## [Data to examine]
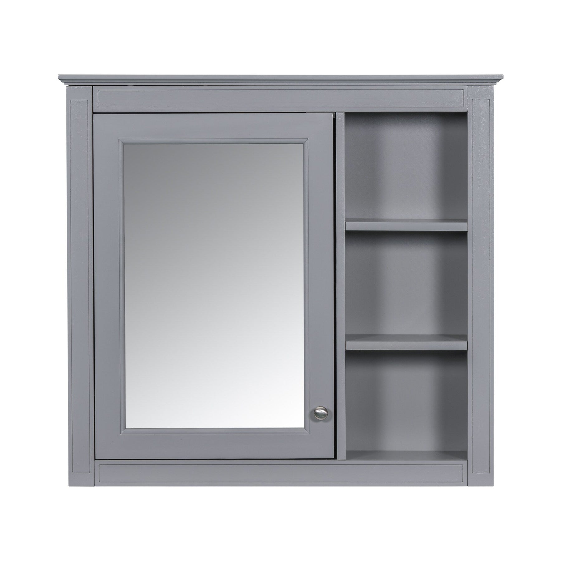 Transform your bathroom space with the Siavonce Grey Medicine Cabinet—an exquisite blend of form and function. Its sleek mirrored doors offer a refreshing design element, reflecting light to create an illusion of a larger, more open space. This cabinet, with its impeccably organized interior, allows you to stylishly store essentials, making it the perfect choice for modern, efficient living. Accentuate it with spa-like accessories for an indulgent, luxurious feel that makes every day a special occasion.
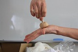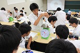 上皿ばかり上で、ピストン付きシリンダーを力を変えながら押し、加えた力の大きさを上皿ばかりで測って、そこから大気圧の推定を行いました。非常にシンプルな器具で大気圧を測定できることに、生徒たちは驚いていました。
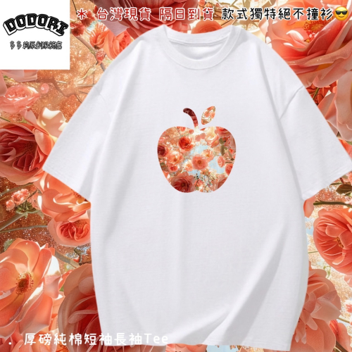 台灣現貨 100%重磅純棉 蘋果玫瑰花叢 花朵印花 短袖T恤 長袖 兒童 情侶 團體 親子 園藝 客製化 女裝
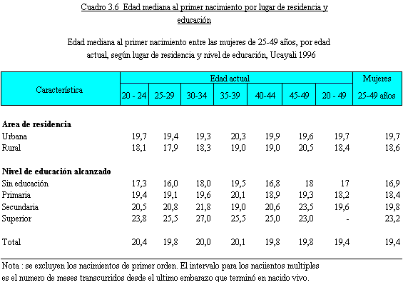nacimiento. Este indicador se utiliza en el Cuadro 3.6 para mostrar
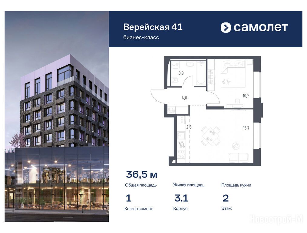 Продается однокомнатная квартира в новостройке ЖК «Верейская 41» по адресу Москва, ЗАО, Можайский, Верейская 41, корп. 3.1. Общая площадь квартиры - 36.52 кв. м. Тип проекта, по которому построен дом — Монолитно-кирпичный, компания-застройщик — АО СЗ «Самолет-Верейская», Группа «Самолет». Стоимость квартиры — 21 742 047 руб. Способы оплаты можно уточнить у продавца. Срок сдачи — 4 квартал 2025. Более подробная информация по телефону.
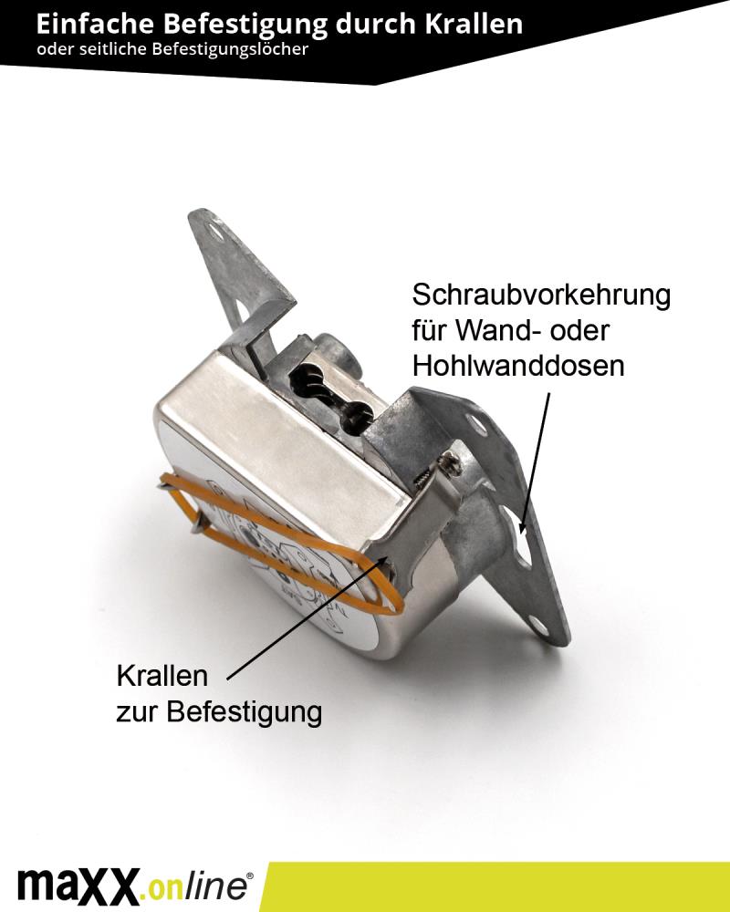 Die Antennensteckdose kann Auf- oder Unterputz installiert- oder auch in Hohlwanddosen eingebaut werden.

## [Task requirements]
The records above must all be output exactly. Omit the images.

## [Result]
 Transform your bathroom space with the Siavonce Grey Medicine Cabinet—an exquisite blend of form and function. Its sleek mirrored doors offer a refreshing design element, reflecting light to create an illusion of a larger, more open space. This cabinet, with its impeccably organized interior, allows you to stylishly store essentials, making it the perfect choice for modern, efficient living. Accentuate it with spa-like accessories for an indulgent, luxurious feel that makes every day a special occasion.
 上皿ばかり上で、ピストン付きシリンダーを力を変えながら押し、加えた力の大きさを上皿ばかりで測って、そこから大気圧の推定を行いました。非常にシンプルな器具で大気圧を測定できることに、生徒たちは驚いていました。
 台灣現貨 100%重磅純棉 蘋果玫瑰花叢 花朵印花 短袖T恤 長袖 兒童 情侶 團體 親子 園藝 客製化 女裝
nacimiento. Este indicador se utiliza en el Cuadro 3.6 para mostrar
 Продается однокомнатная квартира в новостройке ЖК «Верейская 41» по адресу Москва, ЗАО, Можайский, Верейская 41, корп. 3.1. Общая площадь квартиры - 36.52 кв. м. Тип проекта, по которому построен дом — Монолитно-кирпичный, компания-застройщик — АО СЗ «Самолет-Верейская», Группа «Самолет». Стоимость квартиры — 21 742 047 руб. Способы оплаты можно уточнить у продавца. Срок сдачи — 4 квартал 2025. Более подробная информация по телефону.
 Die Antennensteckdose kann Auf- oder Unterputz installiert- oder auch in Hohlwanddosen eingebaut werden.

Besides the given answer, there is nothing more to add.